** Opening Source information block **

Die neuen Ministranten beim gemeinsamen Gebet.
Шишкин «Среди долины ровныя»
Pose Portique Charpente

** Closing Source information block **
** Opening Source information block **

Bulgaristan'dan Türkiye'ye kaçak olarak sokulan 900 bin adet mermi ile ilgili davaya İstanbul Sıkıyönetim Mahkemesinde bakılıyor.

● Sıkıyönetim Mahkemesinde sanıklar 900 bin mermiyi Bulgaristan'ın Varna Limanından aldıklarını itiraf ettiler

** Closing Source information block **

Which lines in the listing above hold the word "Mahkemesinde"? Show each of them.

## Solution
Bulgaristan'dan Türkiye'ye kaçak olarak sokulan 900 bin adet mermi ile ilgili davaya İstanbul Sıkıyönetim Mahkemesinde bakılıyor.
● Sıkıyönetim Mahkemesinde sanıklar 900 bin mermiyi Bulgaristan'ın Varna Limanından aldıklarını itiraf ettiler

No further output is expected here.